Joan Sullivan – Traduction Le Gaboteur
Texte original publié en anglais dans Newfoundland Quarterly
Tout au long des quelque 75 minutes que dure le spectacle, elle devient tour à tour: Oubee, une enfant kidnappée en juillet 1791 et vendue à la famille Stone de Trinity; Shanawdithit, qui en 1828 a partagé ses mots et dessins avec Sir William Cormack et son Institut Beothuk; et Santu Toney, née en 1850 et interviewée par l’anthropologue américain Frank Speck, qui a publié en 1922 que le père de Santu, Joe Kop, était Beothuk.
Le passage d’une scène à l’autre est indiqué par l’utilisation d’accessoires simples – une poupée de paille, un crâne et un foulard. Le costume d’Edmunds, une jupe rouge et un haut à manches longues avec une ceinture blanche à franges et des bandes bleues, blanches, orange, noires et jaunes, ne change pas.
Incarnant Oubee, elle salue les spectateurs et leur demande qui ils sont. «Votre peuple vous a bien nommés.» Elle raconte comment elle s’est retrouvée dans la servitude des Stones, une situation pour laquelle elle était censée être reconnaissante. «La gratitude, c’est faire des lits.» Lorsque les Stones sont retournés en Angleterre, ils ont emmené l’enfant avec un autre domestique, Jack, originaire des Antilles. «Il y a autant de gens en Angleterre qu’il y a d’arbres chez nous.» Il y a aussi des cadeaux et des friandises spéciales à trouver là-bas – mais également le mal du pays et la maladie qui va la tuer. «Jack a été le premier à tomber malade.»
Devenue Shanawdithit, Edmunds est maintenant une jeune femme, dans un espace liminal, qui demande au public «Savez-vous par hasard où nous sommes?». Shanawdithit a laissé une trace historique, mais pas, souligne-t-elle, un portrait – il s’agissait en fait de sa cousine, Demasduit, appelée Mary March, et simplement copiée pour la représenter, rebaptisée Nancy April. Elle raconte une coexistence assez bénigne, voire affectueuse, avec Cormack, mais ses sentiments à son égard ont changé après son retour en Écosse, porteur, apprend-elle, des crânes volés de Demasduit et de son mari. «Comment pouvez-vous pardonner à quelqu’un une chose pareille?» Plus troublante encore est le fait qu’elle sait très bien qu’elle devrait porter le poids et la connaissance de cette violation.

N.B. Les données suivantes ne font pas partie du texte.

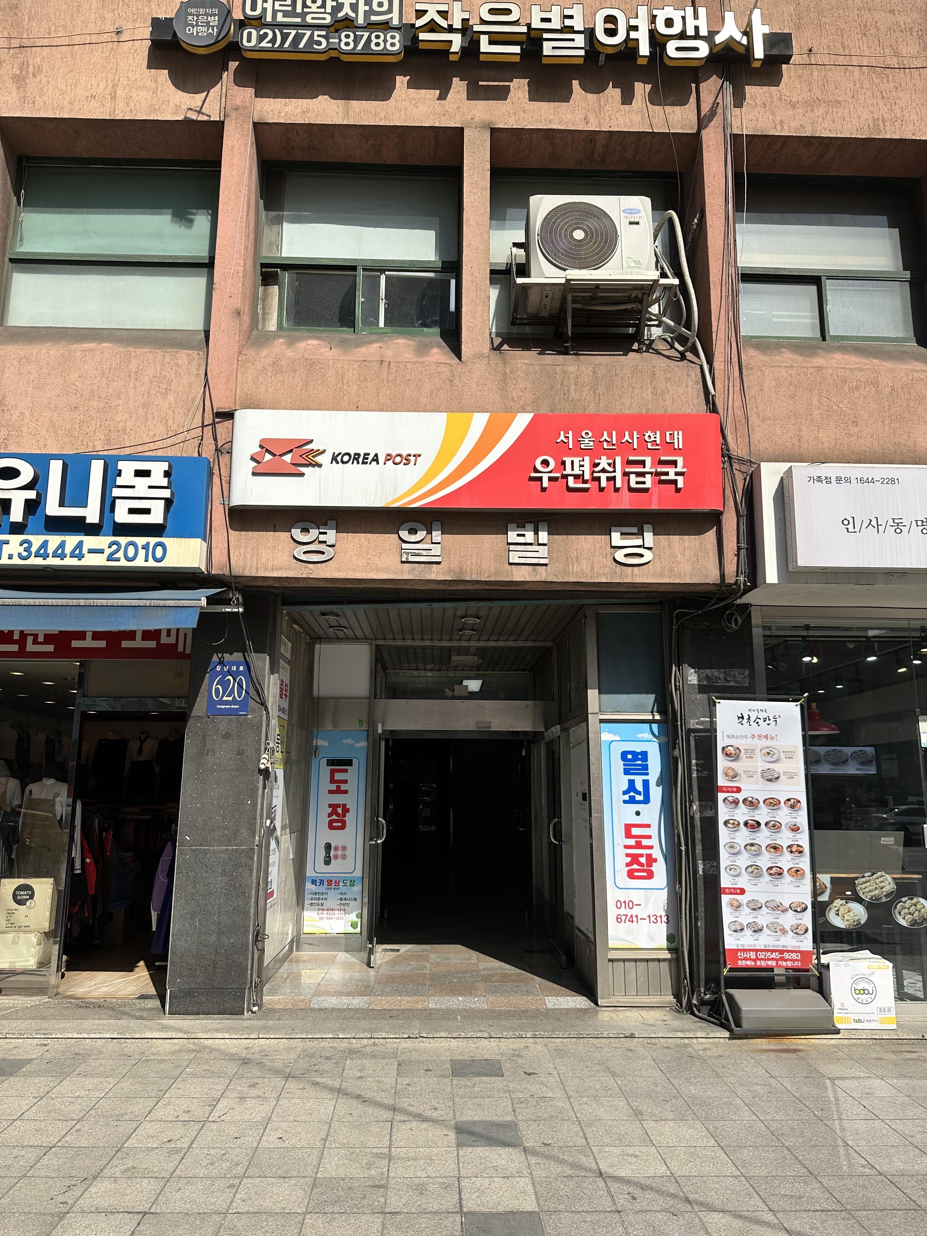 바로 오른쪽에 이렇게 우체국간판이 크게 보이는 영일빌딩 이 빌딩 202호가 힐링쉴드 신사점입니다.

Puis, Edmunds se transforme en une vieille femme, Santu, et promet: «Je vais vous dire la vérité telle que je la connais.» Sa vie était souvent difficile, surtout dans le système scolaire catholique. «Tout le monde avait une cicatrice. Et tout le monde connaissait quelqu’un qui n’était pas rentré à la maison». Mais elle était adorée par ses tantes, et portait en elle sa propre résilience. «Et donc j’ai suivi mon chemin de joie».
Edmunds a une forte présence sur scène et adopte un ton ouvert et accueillant, même si elle traite des sujets difficiles. Le sujet est à la fois important d’un point de vue historique et fait aussi l’objet de manchettes contemporaines parfois conflictuelles, compte tenu de la complexité du débat sur les possibles lignées et cultures autochtones.
Stolen Sisters est au minimum le quatrième one-woman show présenté par Persistence, qu’il s’agisse d’un scénario original ou d’une reprise. Il s’agit d’un forum et d’un format qui peut vraiment permettre à un interprète de rayonner.
Il est également intéressant de noter que d’autres pièces ont été produites dans les environs – la lieutenante-gouverneure de TNL, Judy Foote, s’est engagée à ouvrir les terrains de la résidence du gouverneur (qui appartiennent au public) avec des cours de yoga, des sculptures publiques et des pièces de théâtre en plein air. Si le Heart Garden est particulièrement approprié pour ce spectacle, il existe d’autres espaces, avec de temps en temps une averse, une sirène ou un chien qui aboie en arrière-plan.